Je retrouvai ma fiancée dans sa chambre.
– Rosalina – dis-je gentiment – est-ce que nous pouvons parler ?
– Votre domestique, je veux que vous la renvoyez.
– Je ne vais pas faire ce que vous me demandez, mais je l'ai sévèrement sermonnée et je pense qu'elle ne recommencera pas.
– J'espère bien, pour qui se prend-elle ?
– Léonore avant d'être une domestique était de notre classe sociale – expliquai-je tentant de faire comprendre à ma fiancée que Saint-Clair souffrait probablement de la perte de son père et de la perte de son statut social – Aillez de la patience avec elle, la domestique n'est pas méchante.
– Et même si elle avait été la reine d'Angleterre, elle n'a pas le droit de me parler de la sorte.

Voilà un trait de sa personnalité que je ne connaissais pas encore, ma fiancée était têtue.

– Soyez un peu compréhensive, s'il vous plaît.

Elle fit une moue boudeuse, et croisa les bras.

– S'il vous plaît Rosalina – insistai-je en m'asseyant sur le lit.
– J'essayerai uniquement parce que vous me l'avez demandé – affirma-t-elle en prenant mon visage entre ses mains.

Elle m'embrassa tendrement et je sortit de la chambre.

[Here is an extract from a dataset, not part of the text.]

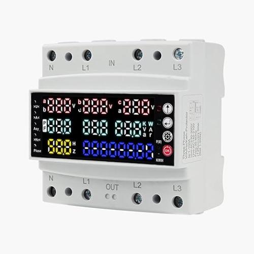 Ongeopend, ok, Stroommeter 3-fasen met overspanningsbeveiliging, driefasenspannings- en stroombalansbeveiliging/overspannings-/onderstroombeveiliging/nullastbeveiliging AC 230 V, B0DZHR6TBL

Je m'enfermai dans mon bureau et travaillai jusqu'à ce que Lester frappa à la porte de mon bureau.

– Est-ce que tout vas bien entre toi et Rosalina ? – demanda-t-il en entrant.
– Oui, et toi ? – questionnai-je par politesse et non par curiosité, à vrai dire je n'ai nullement l'envie de savoir ce qu'il faisait avec ma domestique.
– Léonore et moi sommes sortit tard, hier soir, c'est pour cela qu'elle était en retard, ce matin – m'expliqua-t-il en s'asseyant sur la chaise en face de mon bureau.
– Alors tu vas la courtiser ?
– Pas encore, elle est confuse et a besoin de temps.

Saint-Clair confuse ? Cela m'étonnait. Et cela voulait probablement dire qu'il y avait un autre homme dans l'histoire... Et si c'était moi ? Cette idée me plut énormément, mais je n'avais déceler aucun signe d'attirance vers moi pour sa part. Au début, lorsqu'elle venait d'arriver, elle rougissait souvent, mais je rejetais la faute à la timidité. Et si je lui plaisais ? Et si elle m'aimait ? Malheureusement je dû chasser ces douces incertitudes à mon coeur afin qu'il ne prenne pas le dessus.

– Tu vas bien Edgar ?
– Oui, je suis juste préoccupé pour un client – mentis-je en espérant qu'il n'essaye pas de m'aider.
– Oh, alors je ferais mieux de te laisser travailler, je vais voir ou est Léonore.